Exploring Multi-Armed Bandit Problem: Epsilon-Greedy, Epsilon-Decreasing, UCB, and Thompson Sampling

11 min readNov 20, 2023

Introduction

The multi-armed bandit problem is a classic dilemma in the realm of sequential decision-making under uncertainty. It finds applications in a wide array of domains, from recommendation systems and clinical trials to online advertising and resource allocation. At its core, the problem revolves around efficiently allocating resources (such as time, money, or clicks) to a set of options, referred to as “arms” in order to maximize cumulative rewards.

What is the Multi-Armed Bandit Problem?

The multi-armed bandit problem embodies several key characteristics:

Stateless:
In the context of this problem, we operate in a stateless environment. This means that each decision made at any given time does not depend on prior decisions or states. It’s as if we are pulling levers on a row of slot machines (the “bandits”) independently.

No Change of Environment:
Unlike some decision-making scenarios where the environment can change or adapt over time, the multi-armed bandit problem (in general) assumes a static environment. The probabilities of receiving rewards from each arm do not change during the course of the problem. Thus, the challenge lies in discovering the arm that consistently yields the highest average reward.

Objective:
The primary objective in the multi-armed bandit problem is to identify and exploit the arm that, on average, produces the largest reward. This objective necessitates a careful balance between exploring the arms to gather information and exploiting the current best-known arm to maximize rewards.

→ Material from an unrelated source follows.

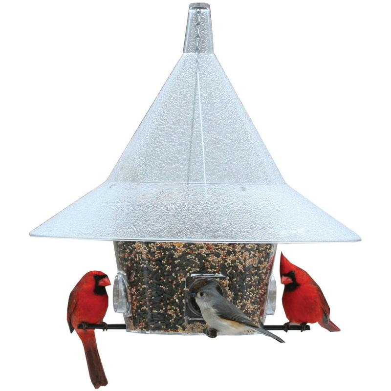 | Seed ports are designed for the peck & pull activity of desirable song birds-dramatically reducing seed loss. / Medium-length perches discourage visits by larger birds. It's even pigeon-proof! / Proudly made in the u.s.a., this bird feeder has a lifetime warranty against squirrel damage. / The large 17-inch diameter squirrel-proof dome protects seed from both rain and snow. / The clear-view, easy-flow seed chambers let birds effortlessly dine from their perch. / Spacious, easy-to-fill bucket means fewer refills and more relaxing bird-watching. |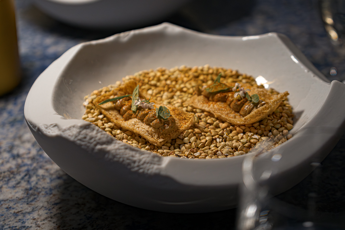Aqui reside uma das grandes surpresas da noite. O pairing não-alcoólico está entre o melhor que se pode encontrar em Portugal. Diria mesmo além-fronteiras. O soro de chá verde com nori, sudachi e pimentos foi de complexidade rara: umami vegetal, acidez cítrica, frescura herbácea, tudo em equilíbrio perfeito. A beterraba com hibiscos, cardamomo e cravinho ofereceu profundidade terrosa e especiada. E o amendoim com tremoço — combinação que só poderia ser portuguesa no espírito mas global na execução, foi simultaneamente reconfortante e surpreendente.

Two Kinds of Environments Explored in the Context of the Multi-Armed Bandit Problem

There are two fundamental types of reward environments we can solve as the Multi-Armed Bandit Problem.

Discrete Reward:
In the discrete reward environment, each arm provides rewards from a finite set of possibilities. This discrete nature simplifies the problem to some extent but still presents interesting challenges in optimizing decision-making. An example of this type of reward is a click by a viewer of Internet Advertisement, i.e. 1 if a user clicks it while 0 if he/she does not.

Continuous Reward:
The continuous reward environment extends the problem to situations where arms yield rewards from a continuous range of values. This adds complexity, as decisions now involve real-valued rewards and demand more sophisticated strategies. An example of this type of reward is a user’s level of interaction or satisfaction with the recommended content by a recommendation system. It will be high (continuous measurement) when the recommended contents matches with the user’s interests and increases the engagement.

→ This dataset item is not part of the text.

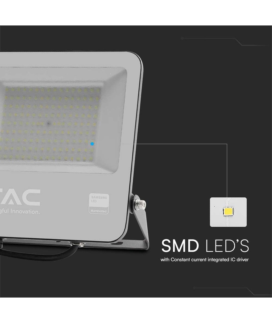 Med en 5 års producentgaranti kan du stole på, at V-Tac 100W LED projektøren vil levere pålidelig belysning, uanset hvor du vælger at bruge den. Denne robusthed og sikkerhed er yderligere understøttet af de højkvalitets komponenter, såsom Samsung LED chippen, der er indbygget i projektøren.

In this blog, we delve into the multi-armed bandit problem by focusing primarily on the discrete reward environment, which is a fundamental and commonly encountered scenario.

Algorithms We Will Learn Through This Blog

To tackle the multi-armed bandit problem effectively, we will learn several well-established algorithms, each with its own approach to balancing exploration and exploitation. These algorithms include:

Epsilon Greedy Algorithm:
The epsilon-greedy algorithm is a straightforward approach that balances exploration (randomly choosing an arm) and exploitation (choosing the arm with the highest estimated reward). It introduces an exploration parameter, epsilon $\epsilon$, which governs the trade-off between these two aspects.

Epsilon Decreasing:
Building upon the epsilon-greedy algorithm, epsilon-decreasing gradually reduces the exploration rate over time. This strategy allows for more exploration in the initial stages and transitions toward greater exploitation as the algorithm gathers more information.

Upper Confidence Bound (UCB):
The UCB algorithm calculates an upper confidence bound for each arm’s reward estimate, choosing the arm with the highest upper bound. This technique leverages uncertainty in reward estimates to guide exploration while favoring arms that are likely to be optimal.

Thompson Sampling:
Thompson Sampling is a probabilistic algorithm that models each arm’s reward distribution. It samples from these distributions to make decisions, naturally balancing exploration and exploitation by adapting to the observed rewards.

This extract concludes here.